# What the exercise asks:
Go through the listing below and write out exactly the lines from the one that mentions "図工の学習で、新聞紙を筒状に" through the one that mentions "Shop_Our Purple Studio_White", minus the pictures.

Dataset entries START

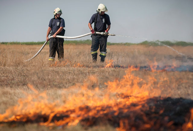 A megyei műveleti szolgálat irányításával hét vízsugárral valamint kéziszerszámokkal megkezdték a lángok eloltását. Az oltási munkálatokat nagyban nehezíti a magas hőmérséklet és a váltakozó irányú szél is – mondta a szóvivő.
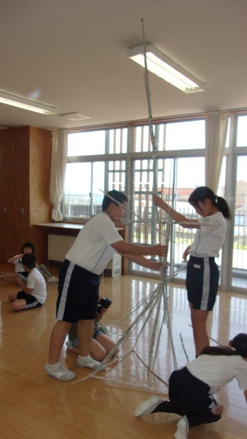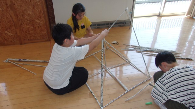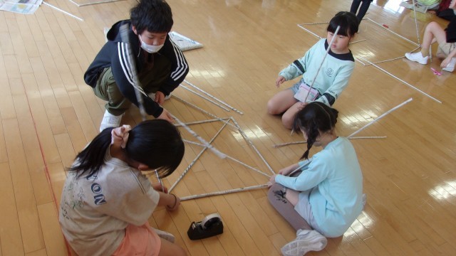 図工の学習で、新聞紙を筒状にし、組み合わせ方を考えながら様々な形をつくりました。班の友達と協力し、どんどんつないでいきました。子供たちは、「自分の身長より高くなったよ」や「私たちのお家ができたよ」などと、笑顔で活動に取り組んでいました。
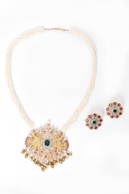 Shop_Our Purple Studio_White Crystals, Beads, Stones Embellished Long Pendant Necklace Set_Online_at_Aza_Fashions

Dataset entries END
Dataset entries START

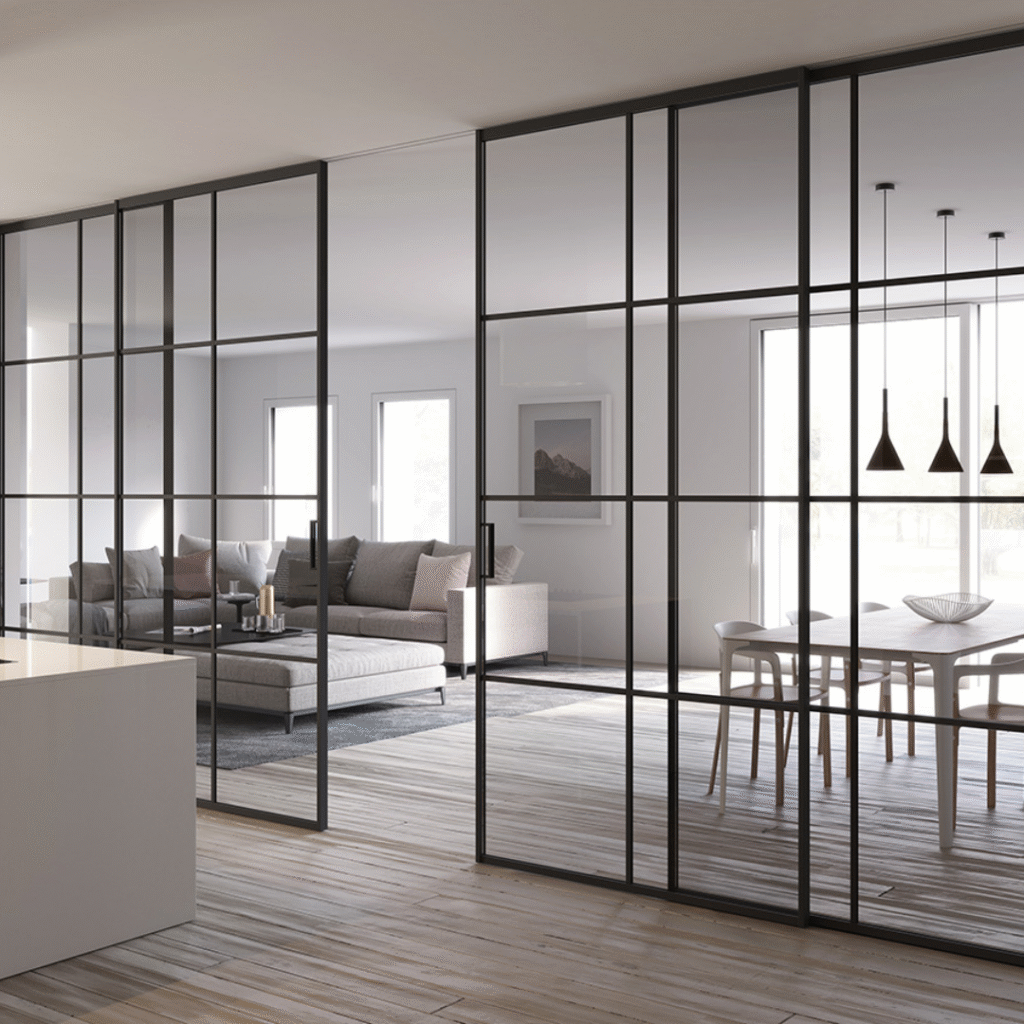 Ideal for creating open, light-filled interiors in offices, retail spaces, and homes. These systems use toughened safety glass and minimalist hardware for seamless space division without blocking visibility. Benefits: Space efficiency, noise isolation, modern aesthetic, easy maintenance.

Dataset entries END
Dataset entries START

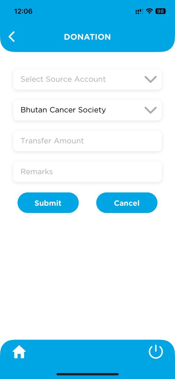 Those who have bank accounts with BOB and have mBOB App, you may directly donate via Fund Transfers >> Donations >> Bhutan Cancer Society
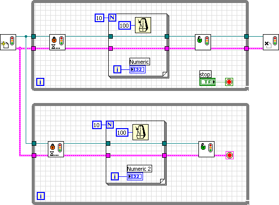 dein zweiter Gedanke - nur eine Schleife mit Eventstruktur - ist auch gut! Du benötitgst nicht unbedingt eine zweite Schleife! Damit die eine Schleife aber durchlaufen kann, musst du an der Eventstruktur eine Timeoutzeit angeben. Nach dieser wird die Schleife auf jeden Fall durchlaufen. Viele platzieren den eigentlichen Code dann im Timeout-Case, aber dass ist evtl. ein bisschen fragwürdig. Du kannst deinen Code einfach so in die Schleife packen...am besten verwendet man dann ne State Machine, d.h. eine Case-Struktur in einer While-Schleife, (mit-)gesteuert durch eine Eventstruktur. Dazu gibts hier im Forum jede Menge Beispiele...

Dataset entries END

# Exercise output:
 図工の学習で、新聞紙を筒状にし、組み合わせ方を考えながら様々な形をつくりました。班の友達と協力し、どんどんつないでいきました。子供たちは、「自分の身長より高くなったよ」や「私たちのお家ができたよ」などと、笑顔で活動に取り組んでいました。
 Shop_Our Purple Studio_White Crystals, Beads, Stones Embellished Long Pendant Necklace Set_Online_at_Aza_Fashions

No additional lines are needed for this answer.